In the data below, one line contains "Gucci GG Supreme" and a later one contains "上園莉々菜さんの天運は16画の5点!". Print both, with every line between them, exactly and alone.

◆ **Input records**:
* * *
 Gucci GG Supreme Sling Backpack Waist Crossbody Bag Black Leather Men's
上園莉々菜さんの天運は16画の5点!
* * *
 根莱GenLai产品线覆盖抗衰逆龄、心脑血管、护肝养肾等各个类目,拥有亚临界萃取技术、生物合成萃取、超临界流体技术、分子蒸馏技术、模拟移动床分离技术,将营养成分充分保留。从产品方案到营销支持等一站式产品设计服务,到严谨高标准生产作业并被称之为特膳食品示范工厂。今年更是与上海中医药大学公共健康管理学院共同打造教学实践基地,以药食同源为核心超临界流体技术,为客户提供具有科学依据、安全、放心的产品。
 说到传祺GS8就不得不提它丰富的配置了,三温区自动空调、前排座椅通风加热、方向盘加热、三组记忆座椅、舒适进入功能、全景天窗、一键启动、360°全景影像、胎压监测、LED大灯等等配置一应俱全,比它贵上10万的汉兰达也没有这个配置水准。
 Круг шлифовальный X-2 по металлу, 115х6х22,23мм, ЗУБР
* * *
◆ **Problem solution**:
 Gucci GG Supreme Sling Backpack Waist Crossbody Bag Black Leather Men's
上園莉々菜さんの天運は16画の5点!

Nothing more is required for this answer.